Новая фаза систем записи, начавшаяся совсем недавно, продолжает установление режима синхронизации внимания, режима, предписывающего дезисторизацию и стандартизацию-индустриализацию представлений, что уже было присуще аналоговым медиа – фотографии, кинематографии, радио, телевидению. В то же время речь идет о цифровой революции, то есть о радикальном разрыве с аналоговыми медиа. Напомним, что Делез, говоря о наступлении общества тотального контроля, его главным инструментом называет компьютер. Он-то и централизует, собирает воедино в новой системе записи фотографию, кинематографию, радио, телевидение, письмо.
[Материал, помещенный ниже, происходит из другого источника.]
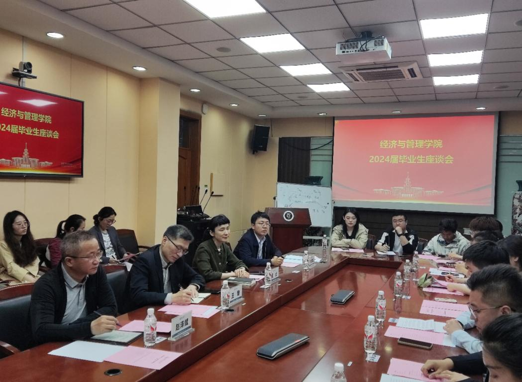 在管理楼G216召开2024届毕业生座谈会,吉祥坊院长王健、党委书记孟炎、副院长赵泽斌、党委副书记徐建慧,人才培养办公室秘书老师、辅导员及本、硕、博毕业生代表参加此次座谈会。会议由徐建慧主持。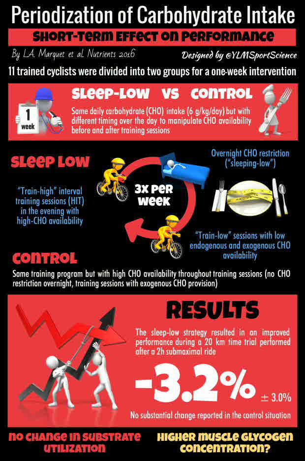 Background: "Sleep-low" consists of a sequential periodization of carbohydrate (CHO) availability—low glycogen recovery after "train high" glycogen-depleting interval training, followed by an overnight-fast and light intensity training ("train low") the following day. This strategy leads to an upregulation of several exercise-responsive signaling proteins, but the chronic effect on performance has received less attention. We investigated the effects of short-term exposure to this strategy on endurance performance. Methods: Following training familiarization, 11 trained cyclists were divided into two groups for a one-week intervention—one group implemented three cycles of periodized CHO intake to achieve the sleep-low strategy over six training sessions (SL, CHO intake: 6 g·kg-1·day-1), whereas the control group consumed an even distribution of CHO over the day (CON). Tests were a 2 h submaximal ride and a 20 km time trial. Results: SL improved their performance (mean: +3.2%; p < 0.05) compared to CON. The improvement was associated with a change in pacing strategy with higher power output during the second part of the test. No change in substrate utilization was observed after the training period for either group. Conclusion: Implementing the "sleep-low" strategy for one week improved performance by the same magnitude previously seen in a three-week intervention, without any significant changes in selected markers of metabolism.

Цифровая грамматизация – основа автоматизации. Впрочем, грамматизация – всегда уже автоматизация, и Джеймс Тилли Мэтьюз задолго до появления компьютеров ощущал себя автоматом, управляемым агентами машины влияния. Другое дело, что сегодняшний десубъективированный автомат имеет не так много шансов отключиться от программирующей культуриндустрии в силу ее тотального характера. Aufschreibesystem 2000 соединяет все медиа в единую database, базу данных, и потоки данных в ходе дигитализации подвергаются аккумуляции, трансформации, синхронизации, модуляции и т. д. Компьютер оказывается головной машиной влияния. При этом не стоит забывать, что вспомогательные органы, в том числе и компьютер, не приращиваются без боли. И каждая новая техника трансформирует психику. Разве здесь не приводится всякий раз в действие машина влияния? Разве проходит это влияние безболезненно? Трансформация психики техникой каждый раз открывает рану отчуждения и вызывает к жизни призраков: «С появлением новых технологий боль образует некую особую форму пространства, так как технологии тоже вызывают боль <…> Все новые технологии приносят культурную хандру, будто прежние разбудили фантомную боль после того как исчезли»
[249]. Эти слова вполне могут относиться и к Джеймсу Тилли Мэтьюзу, и к Наталье А., и к сегодняшним реалиям. Культурная хандра – то ли меланхолия, невозможная скорбь по утрате, то ли ипохондрия, возвращение языка органов шизофренической машины влияния. Ответ, конечно же: и то, и другое, и меланхолия, и ипохондрия. Они ведь между собой тесно связаны. И новый виток гипериндустриализации, включающей реорганизацию субъекта в условиях цифровой системы записи, Aufschreibesystem 2000, не проходит без меланхолии и ипохондрии.
Новая фаза систем записи предполагает и новый виток пролетаризации, который заключается в том, что во времена гипериндустриализации знание оказывается на стороне машин. Машины творят чудеса, но вопрос в том, как они это делают. В большинстве своем мы понятия не имеем, как работают все эти смартфоны, компьютерные программы, Wi-Fi, интернет, но это как бы и не нужно, поскольку знают машины. Мы не знаем пути, но навигатор знает. Мы не знаем, как пишутся слова, но компьютер знает. Мы не знаем номера телефонов, но телефон их сам знает. Знает тот, кто хранит запись
[250]. Так мысль Феликса Гваттари о машинном бессознательном обретает совершенно иное звучание. Гваттари делает акцент на производственном характере бессознательного, и сегодня этот характер оказывается в том Другом, которого и следует назвать машиной влияния. Бессознательное на стороне машины, которая знает. Машина знает. Машина считает и просчитывает субъект или того, кто им когда-то был, прежде чем превратился в набор рассчитанных машинами данных, в data base – ячейку data economy.